Bugzilla – Bug 1065464
Don't allow multiple OpenCL ICD packages to be installed simultaneously
Last modified: 2024-12-11 00:30:14 UTC
I considered this important enough to warrant a bug report. The forum thread where I discovered and further explained the issue can be found here: https://forums.opensuse.org/showthread.php/527821-Blender-crashes-at-startup-with-LLVM-error When running the command 'zypper dup' without additional parameters, zypper wants to install the OpenCL ICD named pocl. However Mesa already uses another ICD which seems to come in the package libOpenCL1. This is a problem because from the looks of it, you may only have one ICD installed on your system at once; More than that will cause a conflict, and every OpenCL application will crash with the following error: mesa: CommandLine Error: Option 'enable-value-profiling' registered more than once! LLVM ERROR: inconsistency in registered CommandLine options To test and confirm this, you can install both "libOpenCL1" and "pocl" simultaneously then attempt to run Blender 3D: The application should crash on startup with the console output quoted above. After removing the pocl package however, Blender will start and work properly again. Until this bug is solved by the X11 developers, it might be a good idea for the openSUSE repositories to be aware of it and mark multiple OpenCL ICD packages as incompatible, only recommending that you install one at once. Users may find that OpenCL applications have suddenly stopped working, and not know what to do in order to fix the problem. A workaround for the time being is to mark pocl as "taboo / never install".

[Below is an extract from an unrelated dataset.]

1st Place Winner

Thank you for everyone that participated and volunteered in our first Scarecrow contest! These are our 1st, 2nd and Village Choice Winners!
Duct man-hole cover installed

This needs to be done by the packages themselves, not repo/YaST/libzypp. Either via direct explicit conflict, or... Provides: opencl-icd Conflicts: otherproviders(opencl-icd) Assign to maintainer of both packages.

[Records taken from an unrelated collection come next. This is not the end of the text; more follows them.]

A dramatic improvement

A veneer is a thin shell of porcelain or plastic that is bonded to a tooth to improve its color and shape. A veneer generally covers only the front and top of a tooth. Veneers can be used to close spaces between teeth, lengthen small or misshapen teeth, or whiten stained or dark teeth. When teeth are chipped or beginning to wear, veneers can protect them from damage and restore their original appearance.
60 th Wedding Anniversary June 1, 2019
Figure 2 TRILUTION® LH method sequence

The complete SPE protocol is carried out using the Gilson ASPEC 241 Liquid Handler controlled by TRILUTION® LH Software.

When multiple ICDs are installed, libopencl1 needs to dlopen() them all to find out which one works on the available hardware. If they are dynamically linked, this leads to them sharing a libllvm, which has enough global state that this is likely to error out. (This is a known LLVM bug, https://bugs.llvm.org/show_bug.cgi?id=22952 , but currently has no real fix.) I'm regularly using multiple ICDs (pocl, nvidia-binary, intel-binary) and never had any issues and I do not really like the idea allowing only one ICD installed at once. Afaik we're actually shipping three ICDs in Tubleweed that make use of libllvm: * beignet * pocl * mesa A workaround that is used by the debian packaging team is to statically link all these packages to avoid sharing a libllvm. Imo we should do the same. Any objections ?

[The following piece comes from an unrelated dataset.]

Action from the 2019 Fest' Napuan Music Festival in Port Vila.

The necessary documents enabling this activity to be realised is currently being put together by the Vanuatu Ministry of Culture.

(In reply to Martin Hauke from comment #2) I don't have any knowledge in how the OpenCL ICD is supposed to work, so I don't know whether the problem I'm seeing is normal or the result of a bug. From what you're saying, it is in fact a bug... therefore my proposal here would be a temporary workaround, not the proper permanent solution. Whether or not it's a good idea would depend on how fast this bug is expected to be solved in LLVM: If it's going to take more than an year like a lot of issues seem to nowadays, it makes sense to me that openSUSE recommends you don't install multiple ICD's. The report you linked was opened in 2015 and last modified in 2016... since 2017 is almost over I'm definitely not getting my hopes up for a timely solution.
Sorry, forgot to write the other part of my last comment: If statically linking them solves the crash, I definitely have no objections. This feels like the cleanest solution to my limited understanding.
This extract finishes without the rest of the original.